*** Opening of Provided entries ***

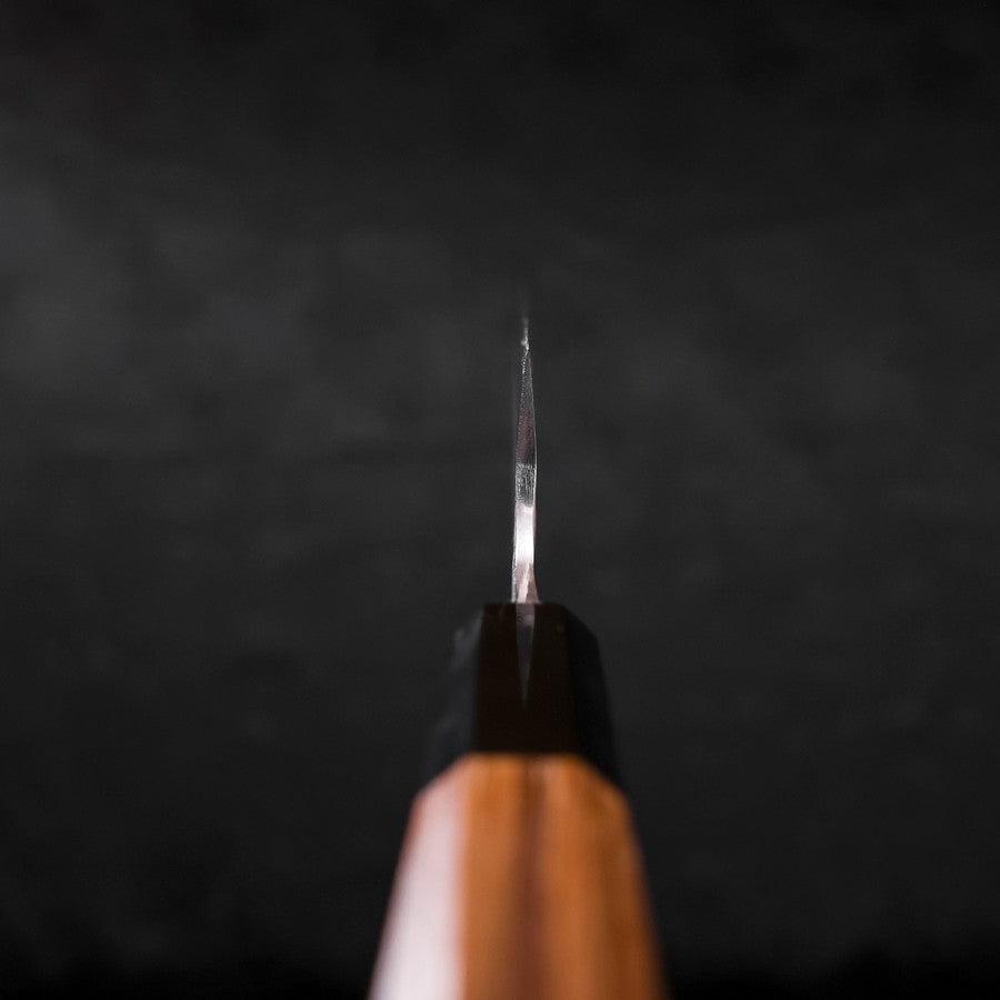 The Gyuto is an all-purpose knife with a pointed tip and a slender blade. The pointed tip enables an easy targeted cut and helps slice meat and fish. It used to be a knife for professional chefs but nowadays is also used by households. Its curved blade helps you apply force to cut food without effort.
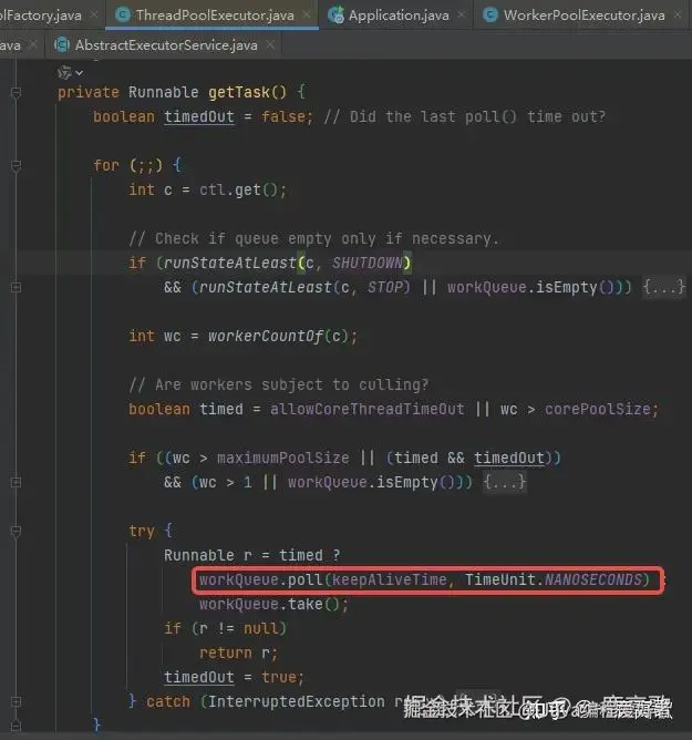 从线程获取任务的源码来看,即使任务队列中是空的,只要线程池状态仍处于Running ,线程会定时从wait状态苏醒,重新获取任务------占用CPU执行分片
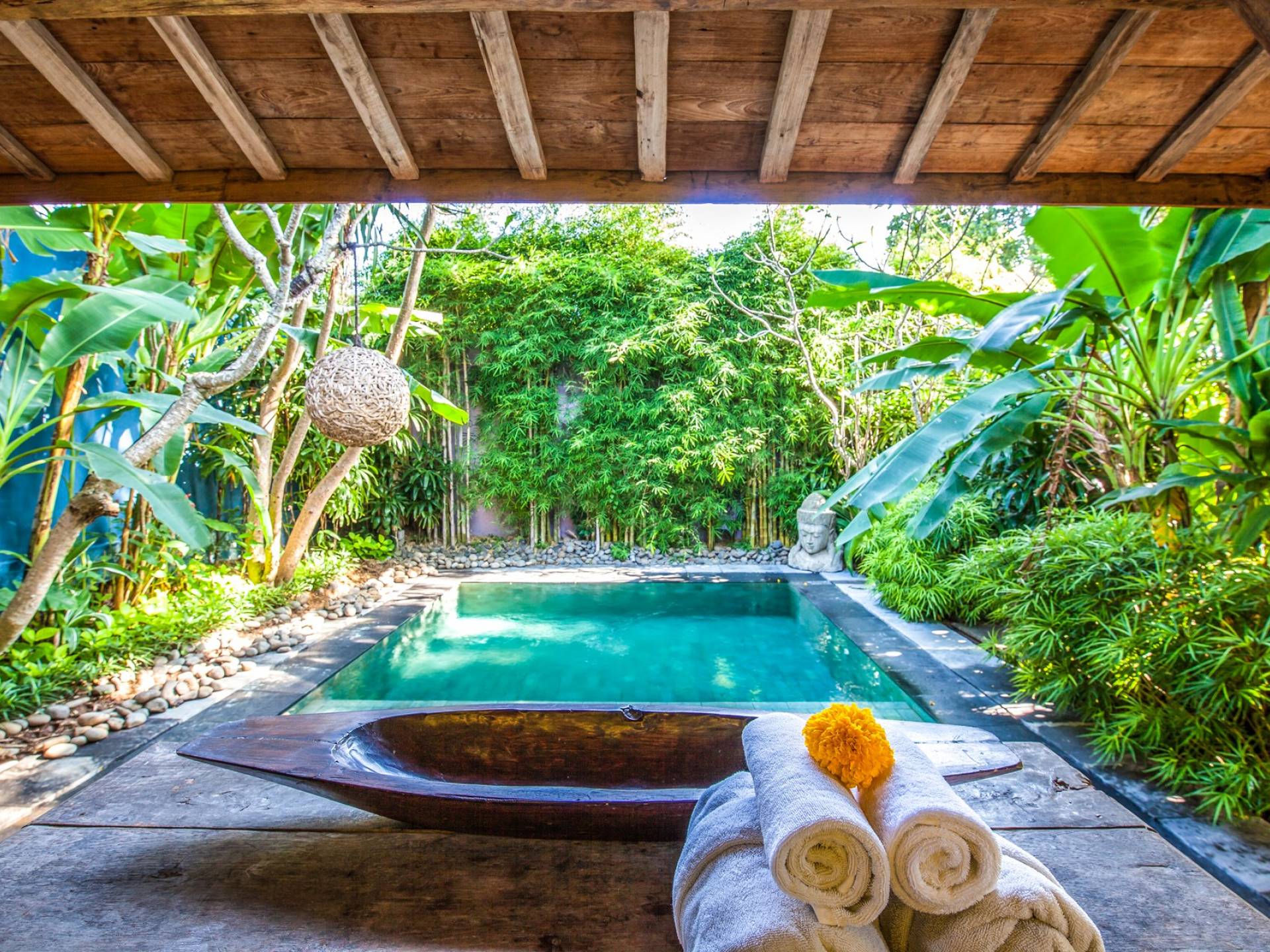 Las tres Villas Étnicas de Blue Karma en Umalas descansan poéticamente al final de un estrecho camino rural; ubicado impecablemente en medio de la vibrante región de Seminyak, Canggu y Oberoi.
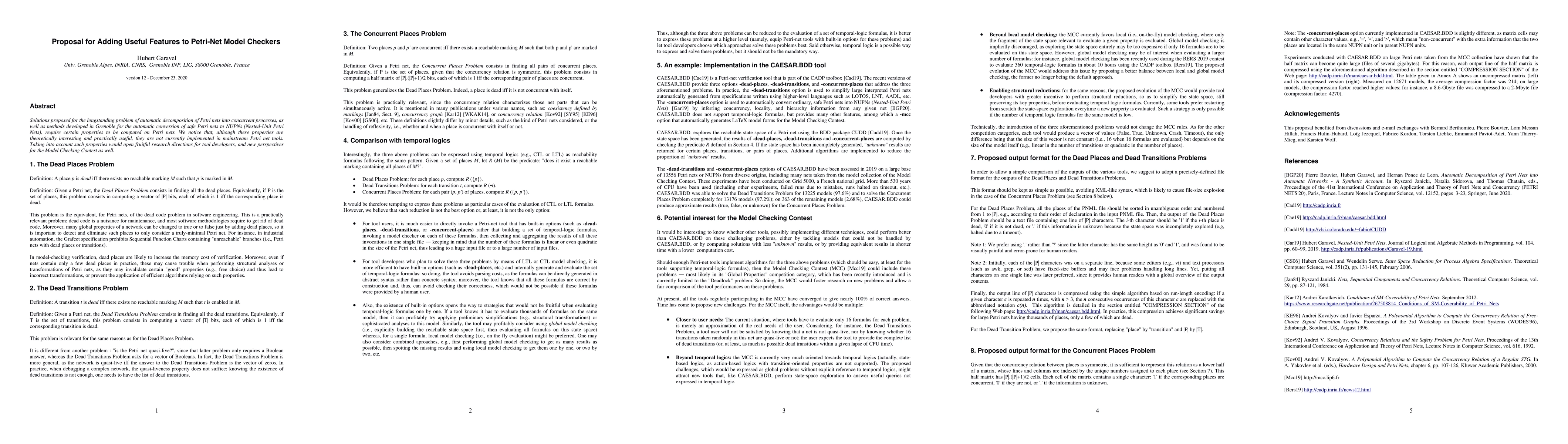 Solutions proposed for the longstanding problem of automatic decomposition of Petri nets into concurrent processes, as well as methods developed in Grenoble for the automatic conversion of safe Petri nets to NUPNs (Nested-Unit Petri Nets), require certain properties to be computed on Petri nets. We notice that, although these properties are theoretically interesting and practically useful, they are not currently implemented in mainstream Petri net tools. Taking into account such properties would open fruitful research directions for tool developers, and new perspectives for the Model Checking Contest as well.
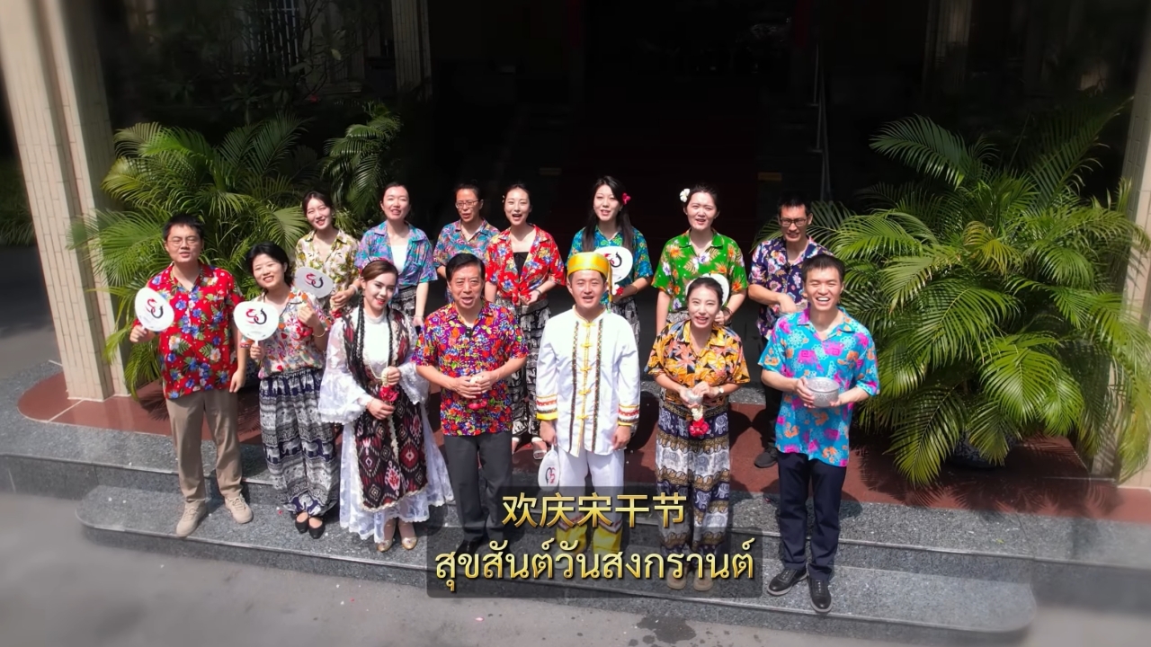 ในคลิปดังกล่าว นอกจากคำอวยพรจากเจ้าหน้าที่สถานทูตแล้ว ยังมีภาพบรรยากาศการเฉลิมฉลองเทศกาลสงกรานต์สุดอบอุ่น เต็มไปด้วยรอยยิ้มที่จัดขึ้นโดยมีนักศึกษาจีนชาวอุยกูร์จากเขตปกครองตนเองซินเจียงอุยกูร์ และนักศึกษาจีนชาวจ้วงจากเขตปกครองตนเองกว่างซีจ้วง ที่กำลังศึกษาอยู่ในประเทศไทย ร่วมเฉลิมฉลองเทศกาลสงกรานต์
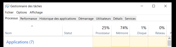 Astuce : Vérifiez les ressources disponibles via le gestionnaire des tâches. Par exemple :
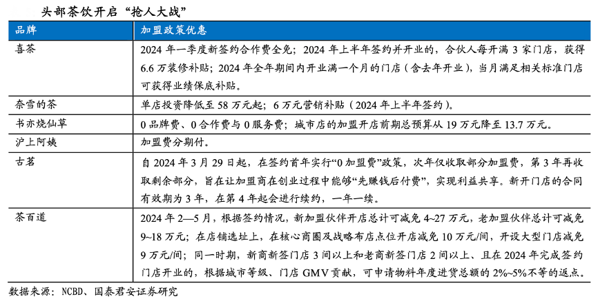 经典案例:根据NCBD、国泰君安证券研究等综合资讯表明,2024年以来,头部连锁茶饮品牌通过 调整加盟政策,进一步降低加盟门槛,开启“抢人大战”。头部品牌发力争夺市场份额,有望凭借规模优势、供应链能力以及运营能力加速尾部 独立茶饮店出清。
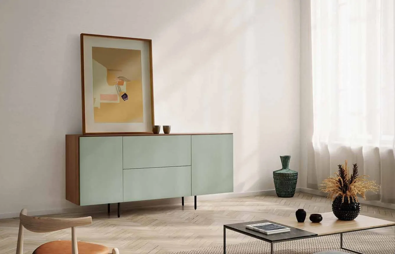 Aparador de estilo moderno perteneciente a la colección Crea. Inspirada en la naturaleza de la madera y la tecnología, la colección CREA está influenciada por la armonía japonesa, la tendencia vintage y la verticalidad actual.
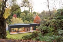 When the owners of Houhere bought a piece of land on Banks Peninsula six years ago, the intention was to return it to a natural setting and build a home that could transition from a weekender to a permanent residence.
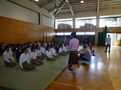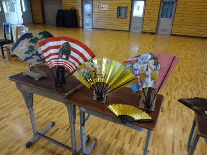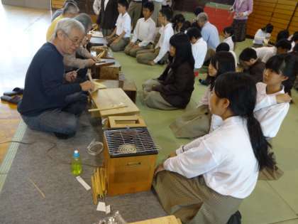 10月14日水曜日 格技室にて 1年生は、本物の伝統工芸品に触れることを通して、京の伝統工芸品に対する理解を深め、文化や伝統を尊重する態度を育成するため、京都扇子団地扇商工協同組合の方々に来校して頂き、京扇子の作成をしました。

*** Close of Provided entries ***

» **What is required**
Transcribe the listing above in full and exactly; no pictures belong in the copy.

» **Response area**
 The Gyuto is an all-purpose knife with a pointed tip and a slender blade. The pointed tip enables an easy targeted cut and helps slice meat and fish. It used to be a knife for professional chefs but nowadays is also used by households. Its curved blade helps you apply force to cut food without effort.
 从线程获取任务的源码来看,即使任务队列中是空的,只要线程池状态仍处于Running ,线程会定时从wait状态苏醒,重新获取任务------占用CPU执行分片
 Las tres Villas Étnicas de Blue Karma en Umalas descansan poéticamente al final de un estrecho camino rural; ubicado impecablemente en medio de la vibrante región de Seminyak, Canggu y Oberoi.
 Solutions proposed for the longstanding problem of automatic decomposition of Petri nets into concurrent processes, as well as methods developed in Grenoble for the automatic conversion of safe Petri nets to NUPNs (Nested-Unit Petri Nets), require certain properties to be computed on Petri nets. We notice that, although these properties are theoretically interesting and practically useful, they are not currently implemented in mainstream Petri net tools. Taking into account such properties would open fruitful research directions for tool developers, and new perspectives for the Model Checking Contest as well.
 ในคลิปดังกล่าว นอกจากคำอวยพรจากเจ้าหน้าที่สถานทูตแล้ว ยังมีภาพบรรยากาศการเฉลิมฉลองเทศกาลสงกรานต์สุดอบอุ่น เต็มไปด้วยรอยยิ้มที่จัดขึ้นโดยมีนักศึกษาจีนชาวอุยกูร์จากเขตปกครองตนเองซินเจียงอุยกูร์ และนักศึกษาจีนชาวจ้วงจากเขตปกครองตนเองกว่างซีจ้วง ที่กำลังศึกษาอยู่ในประเทศไทย ร่วมเฉลิมฉลองเทศกาลสงกรานต์
 Astuce : Vérifiez les ressources disponibles via le gestionnaire des tâches. Par exemple :
 经典案例:根据NCBD、国泰君安证券研究等综合资讯表明,2024年以来,头部连锁茶饮品牌通过 调整加盟政策,进一步降低加盟门槛,开启“抢人大战”。头部品牌发力争夺市场份额,有望凭借规模优势、供应链能力以及运营能力加速尾部 独立茶饮店出清。
 Aparador de estilo moderno perteneciente a la colección Crea. Inspirada en la naturaleza de la madera y la tecnología, la colección CREA está influenciada por la armonía japonesa, la tendencia vintage y la verticalidad actual.
 When the owners of Houhere bought a piece of land on Banks Peninsula six years ago, the intention was to return it to a natural setting and build a home that could transition from a weekender to a permanent residence.
 10月14日水曜日 格技室にて 1年生は、本物の伝統工芸品に触れることを通して、京の伝統工芸品に対する理解を深め、文化や伝統を尊重する態度を育成するため、京都扇子団地扇商工協同組合の方々に来校して頂き、京扇子の作成をしました。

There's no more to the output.